Postby Erebus » Sat Aug 16, 2008 9:46 am

Posted from home, post 1 of 3

We finally left Whitehorse on 06 August, not that we wanted to leave. Ian says he is working hard to get us jobs so we'll have to move there. Not sure how serious he is, but we think we could tolerate living there.

We had debated whether we should take the detour on the way home and visit Skagway. Everyone says it is just a tourist trap for the giant cruise ships. But they also say the drive is worth it. And they are right. The drive from the Alaska Highway down through Carcross to the White Pass and Skagway is through some amazing terrain.
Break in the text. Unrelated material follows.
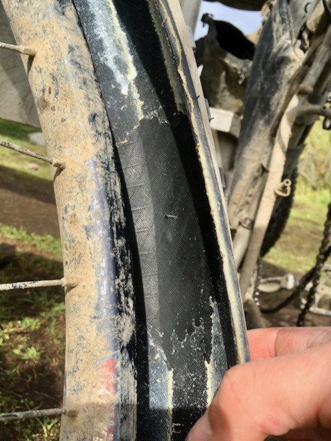 Readying ourselves to set off, I pumped up my tyres, only to find that the cut in my tubeless tyre didn’t particularly like the increase in pressure and so I sent Ryan on ahead, whilst I set about repairing it. In this case, I was able to take the tyre off, clean the area up and apply a tube patch to the interior.

Lush grasses combined with scrub trees, ponds, lakes, rivers, and exposed rocks that look like glacial morraines. Also, it meant that we have now driven the entire route (more or less) that all the wannabe miners took in 1898 during the Klondike Gold Rush. The gold rush looms very large in the history of the Yukon -- actually, it pretty much is the history of the Yukon, and small wonder. To drive the route takes at least a day on paved roads. To see the terrain these men and women slogged through, having no clue what lay ahead really makes me wonder what bad conditions were they were leaving behind to try this journey.

The first unusual feature is the Carcross Desert, an anomaly created by glacial lakes.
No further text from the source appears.